I guess I'm just venting but have any of you had family members who "acted up" in the hospital? I used to work in this hospital and I'm a little red-faced by her behavior. I've told her to be nice and she swears she is but I know that she's a big baby too.
I only feel a little bit mean. There's a lot more history here so no flaming please!
How much kissing up should we do for the staff?:spin: I've already brought candy.
May 18, '07Oh, good grief! My Mother, too! The very person who taught us to be polite and thankful when we were under stress (thankful for the good things), forgot every bit of that when she was in subacute care s/p elective hip replacement. When she was in for the first hip, we thought that maybe it was the meds or something. She was so rude that you would've thought that she had been born Queen Got Rocks or something. It was embarrasssing for my brother and sister and me, but more so for my poor Dad, who also couldn't do anything right, bless his heart! Anyway, 18 months later, the second hip was done, and it was WORSE! When we picked her up to take her home I went to the Nurses Station and apologized to them all. I know they all went out to delebrate that evening. It seems the older she gets, the more "Superior" she acts, and the less and less anyone can do to please her.
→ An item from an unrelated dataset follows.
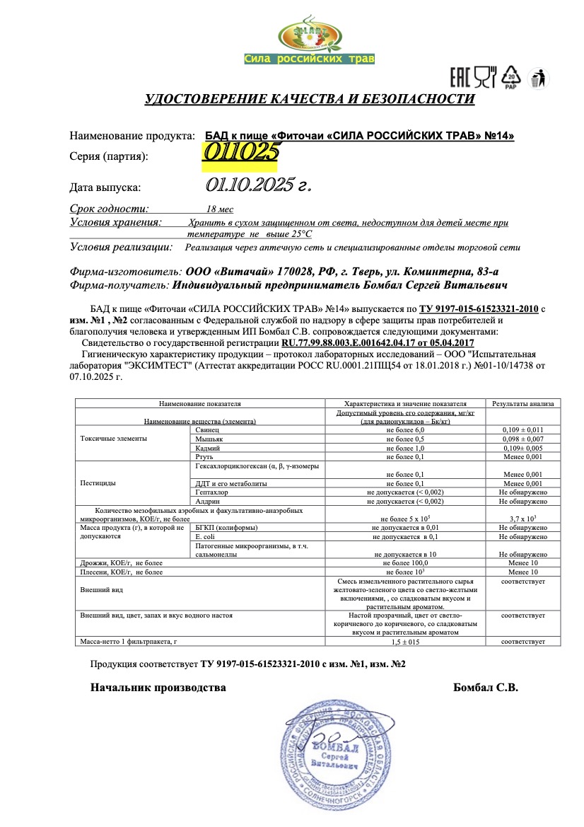 Сочетание компонентов именно в пропорции, входящей в состав, пользуется в народе заслуженным авторитетом как лечебное травяное средство и позволяет нам гарантировать Вам полный успех в случае длительного и правильного применения. В состав фиточая вошли только съедобные, приятные на вкус и полезные для здоровья растения.

My Dad, on the other hand, gets even more kind and gentle with the passing years, and everybody that meets him loves him. My Mom has the personality of an angry porcupine. I have tried to talk to her about depression (I am sure that she is), but she wouldn't even consider that she might be depressed. I even bought a bottle of St. John's Wort and took to her (because a Rx is unheard of, for that)to try. She told me to take it back with me, that she didn't need it. What CAN you do? This bad behavior is the very thing that she used to get after us for!Last edit by bigsyis on May 18, '07 : Reason: too many hands
May 18, '07My story is a little different. I had a miscarriage a few years ago and had to go the small ER close to my home. They gave me Demerol for pain and I had some kind of reaction. I cursed everyone in the ER out. And I don't remember doing it. I remember getting to the ER getting the IM and the waking up post-op. My husband was so embarassed when he told me what happened. I sent a letter to admin and the ER apologizing and still blush when I think about it.